Merge pull request kubernetes#49 from adambkaplan/automate-pruning

[image-registry] Automate Image Pruning
ingvagabund · Oct 22, 2019 · 6a13882 · 6a13882
2 parents a949874 + dc6b38e
commit 6a13882
Showing 1 changed file with 346 additions and 0 deletions.
diff --git a/image-registry/automate-pruning.md b/image-registry/automate-pruning.md
@@ -0,0 +1,346 @@
+---
+title: Automate-Pruning
+authors:
+  - "@dmage"
+  - "@adambkaplan"
+reviewers:
+  - "@bparees"
+  - "@coreydaley"
+  - "@ricardomarascini"
+  - "@gabemontero"
+  - "@eparis"
+approvers:
+  - "@bparees"
+  - "@derekwaynecarr"
+  - "@smarterclayton"
+creation-date: 2019-09-26
+last-updated: 2019-10-22
+status: implementable
+see-also:
+replaces:
+superseded-by:
+---
+
+# Automate Image Pruning
+
+## Release Signoff Checklist
+
+- [x] Enhancement is `implementable`
+- [ ] Design details are appropriately documented from clear requirements
+- [ ] Test plan is defined
+- [ ] Graduation criteria for dev preview, tech preview, GA
+- [ ] User-facing documentation is created in [openshift/docs]
+
+## Summary
+
+This enhancement will install a `CronJob` to automate the image pruning task
+for the internal registry.
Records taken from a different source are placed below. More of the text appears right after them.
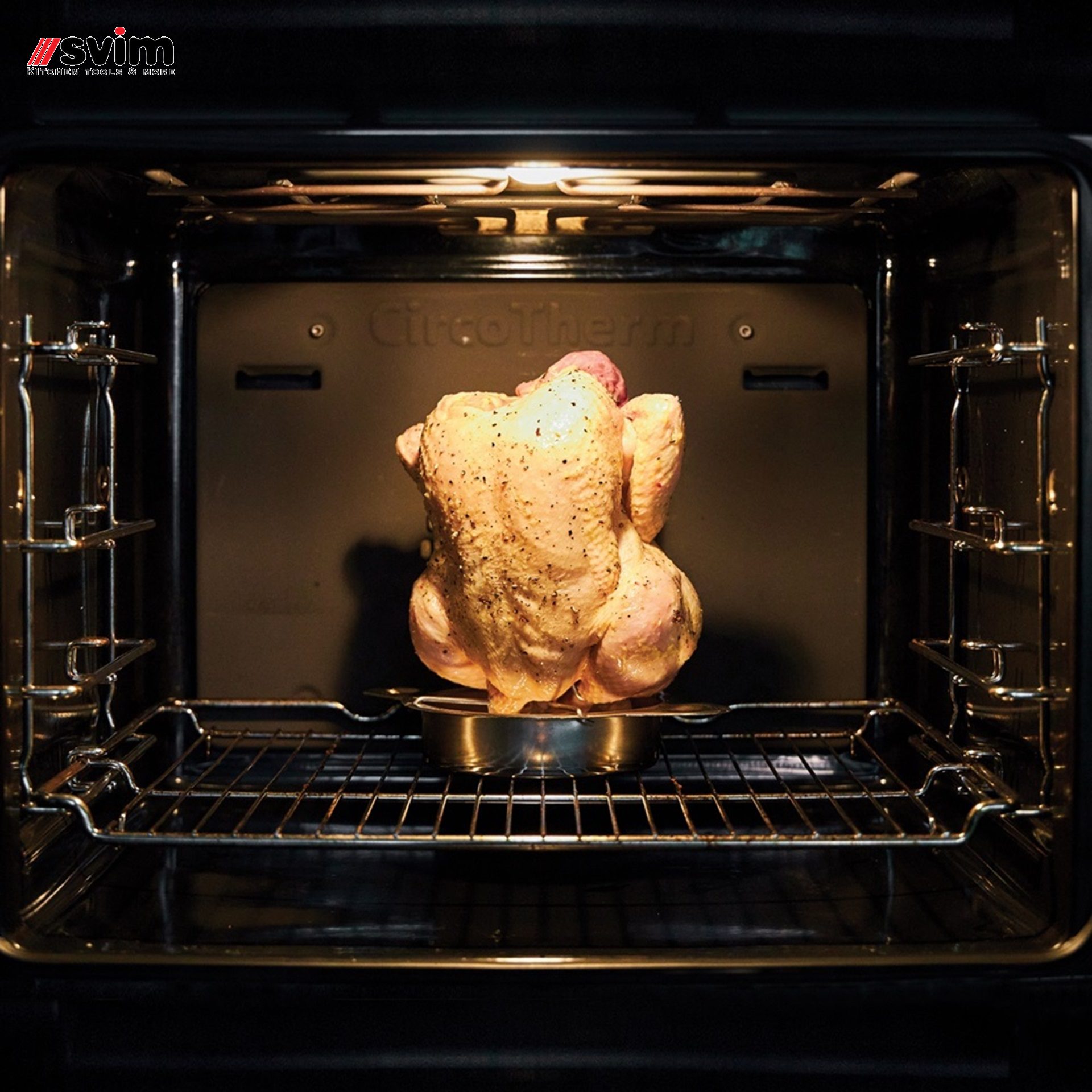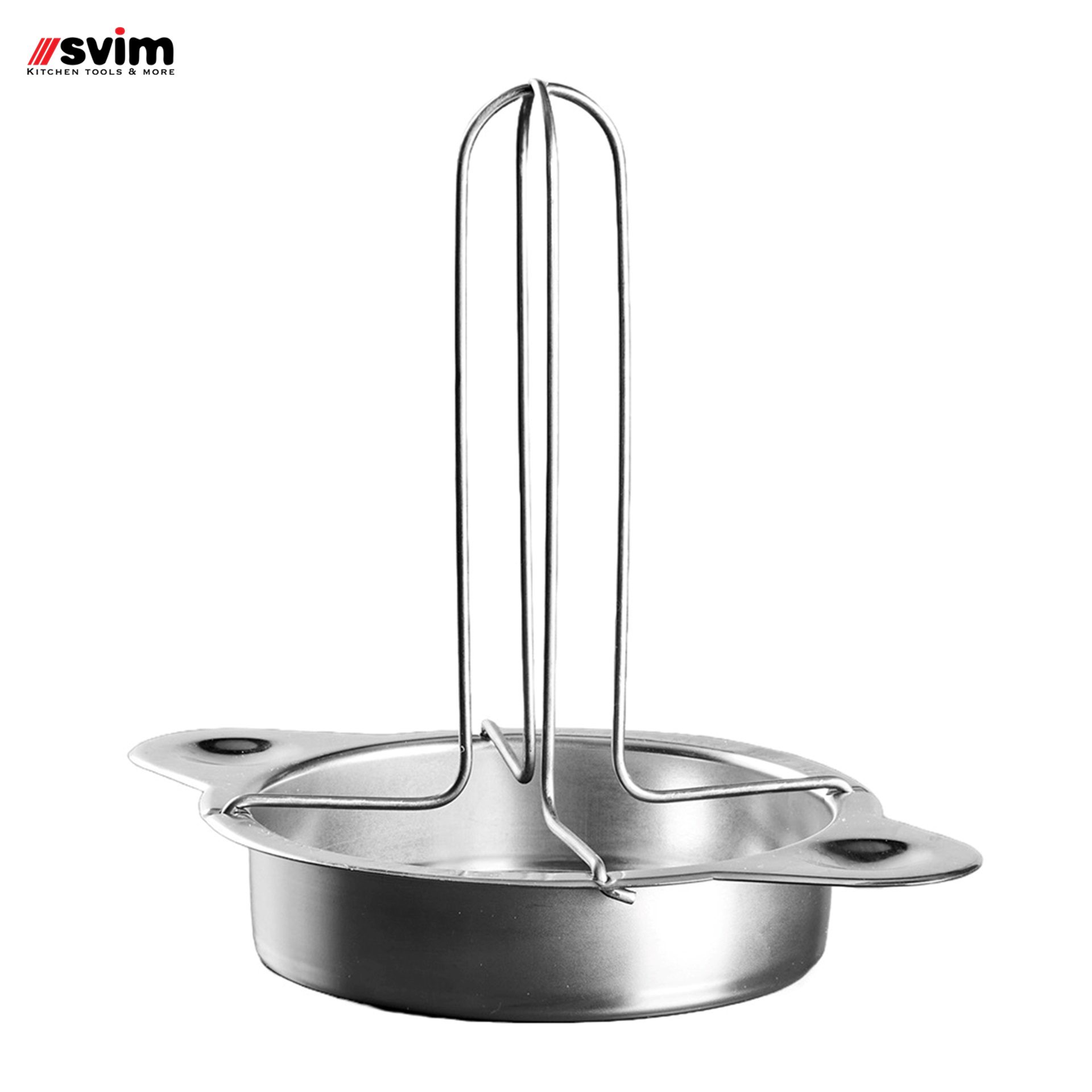 Σκεύος για το ψήσιμο ολόκληρου κοτόπουλου στον φούρνο, κατασκευασμένο εξ ολοκλήρου από ανοξείδωτο ατσάλι 18/10, αποτελείται από δύο αποσπώμενους ορθοστάτες που στηρίζονται σε ανοξείδωτο δοχείο διαμέτρου 15εκ. με πλαϊνές λαβές. Το κοτόπουλο τοποθετείται στους ορθοστάτες, οι οποίοι δημιουργούν κενό στο εσωτερικό του που επιτρέπει την είσοδο της θερμότητας, ψήνεται ομοιόμορφα και τα λίπη συλλέγονται στο δοχείο, με αποτέλεσμα ζουμερό κοτόπουλο με τραγανή κρούστα. Πλένεται με ασφάλεια στο πλυντήριο πιάτων.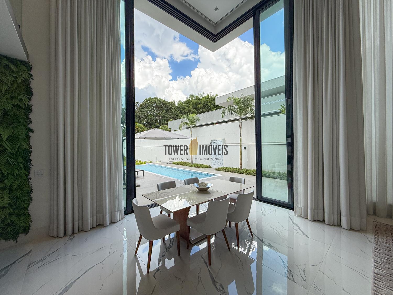 - Sala de jantar com vista para a piscina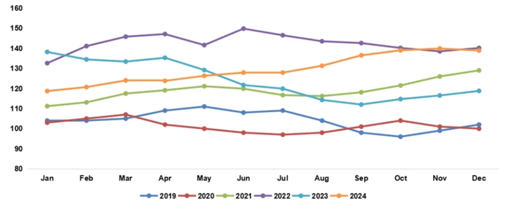 2024年全球乳制品价格指数较2023年小幅上涨,2024年平均价格指数为129.6,较2023年的124.0增长4.5%,月度价格指数在下半年高于2023年同期。价格指数上涨的主要原因是黄油价格的大幅上涨。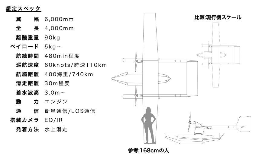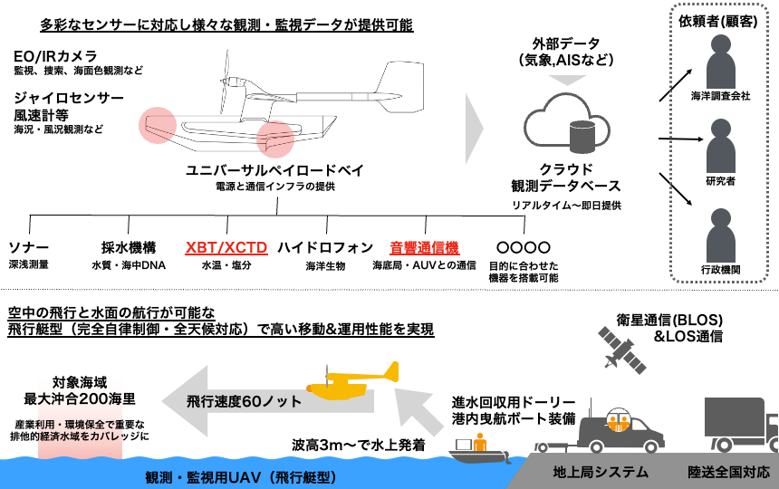水上で発着でき、船のようにも航行できる「HAMADORI 6000」は、翼幅6mの飛行艇型ドローンです。観測地点の座標を設定し、110km/hで航続時間8時間を目標に開発を進めています。実験当日、最大風速約8m、最高波高約1.5mの相模湾の環境においても、安定した海面保持を実現しました。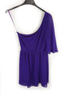 Vestido morado asimétrico con cintura elástica. Es fluido. Largo 80 cm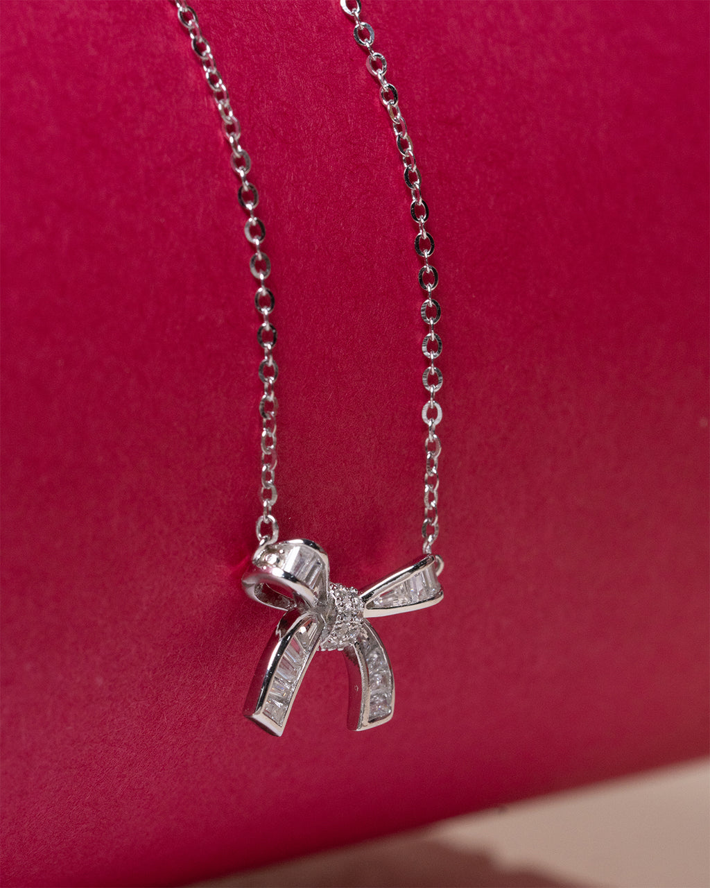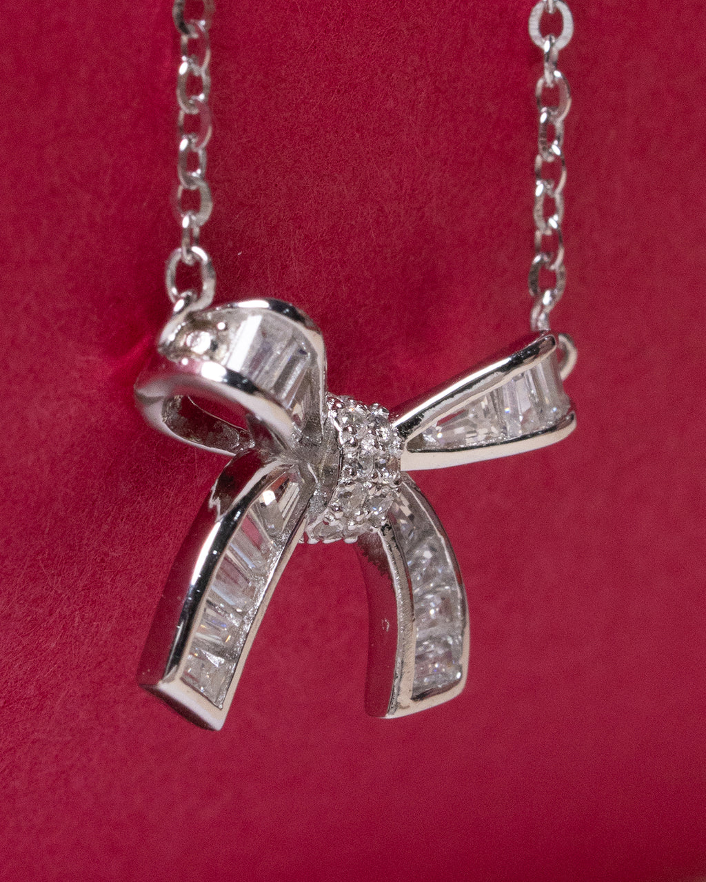 The bow is detailed with subtle baguette-cut stones, adding a refined sparkle.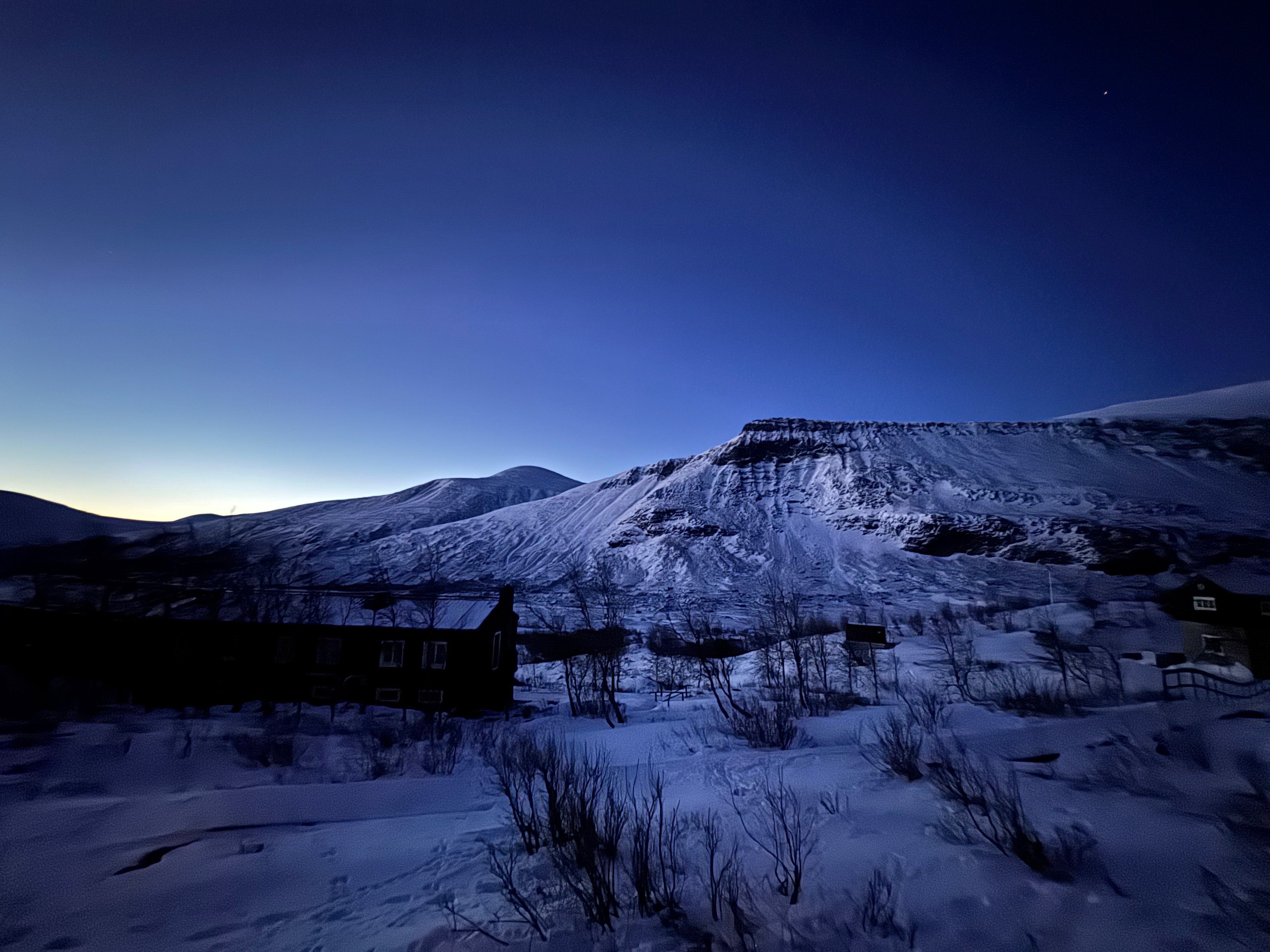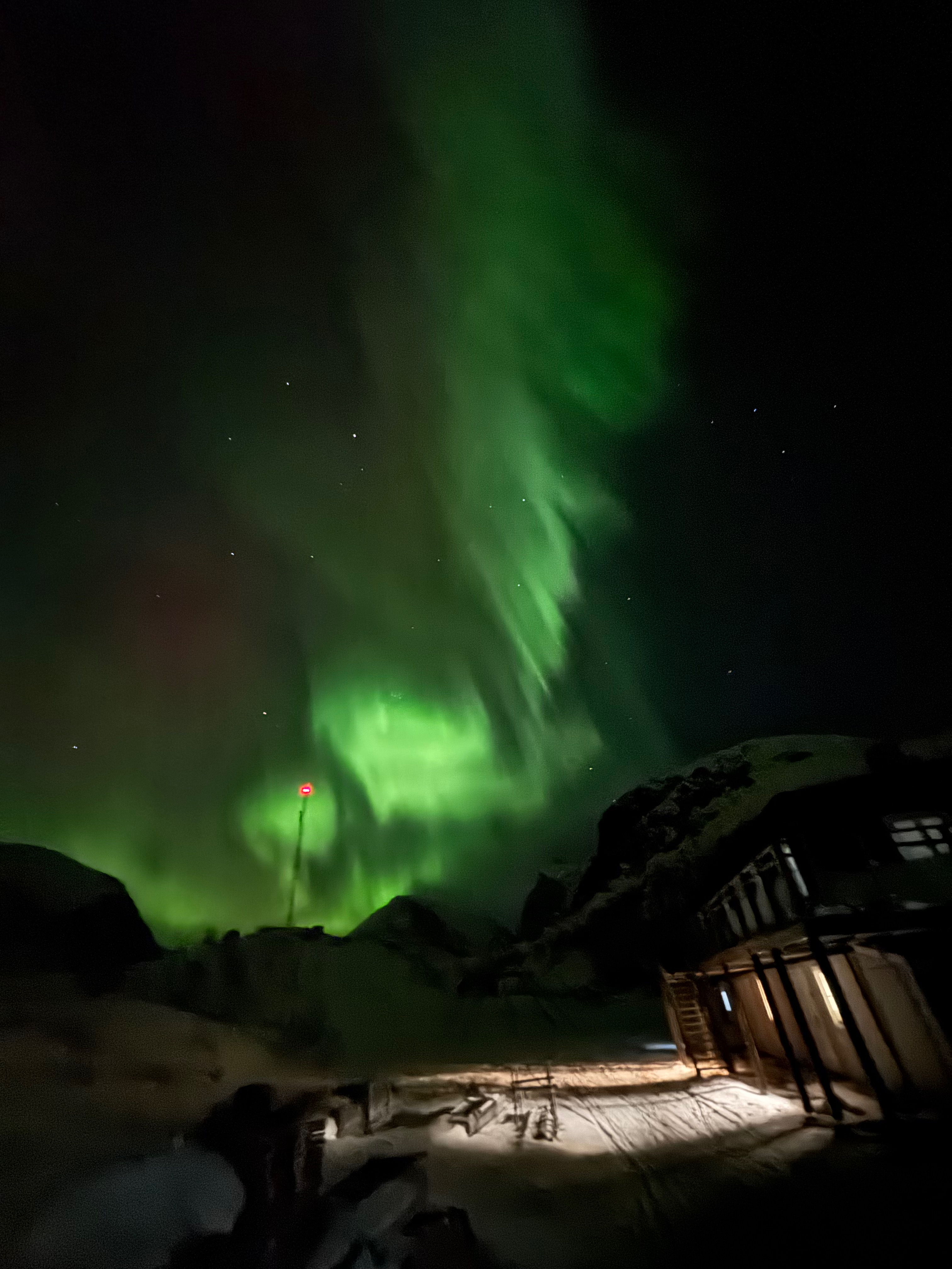 We decided to skip hot water bottles and stepped outside to brush our teeth. The sky was clear. Black mountains ringed us on all sides, bright stars scattered above. Then a green cloud drifted into view, slowly twisting and unfurling across two thirds of the sky. The best northern lights we’d seen yet, and because our eyes were fully dark adapted it looked just like it does on camera. A genuine treat.

An API will be exposed to allow cluster admins to
+configure the pruning job to suit their needs, or disable pruning if that is
+what is desired.
+
+## Motivation
+
+Regular image pruning is a vital maintenance task to ensure an OpenShift
+cluster remains healthy. In certain use cases (such as CI/build farms), pruning
+must be run frequently to prevent image resources from exhausting etcd capacity
+as well as to reduce registry blob storage utilization. Today, pruning is
+configured through a manual, multi-step process.
+
+### Goals
+
+- Provide a one-step process for cluster admins to configure recurring
+  scheduled image pruning.
+- Default pruning to be enabled on an OpenShift cluster at install time for new
+  clusters.
+- Provide alerting if image pruning fails, which may indicate a cluster is at
+  risk of failure.
+
+### Non-Goals
+
+- Fix fundamental issues with the current pruning process (ex: pruning images
+  that may be referenced in a CRD).
+- Enable pruning on existing clusters during upgrade.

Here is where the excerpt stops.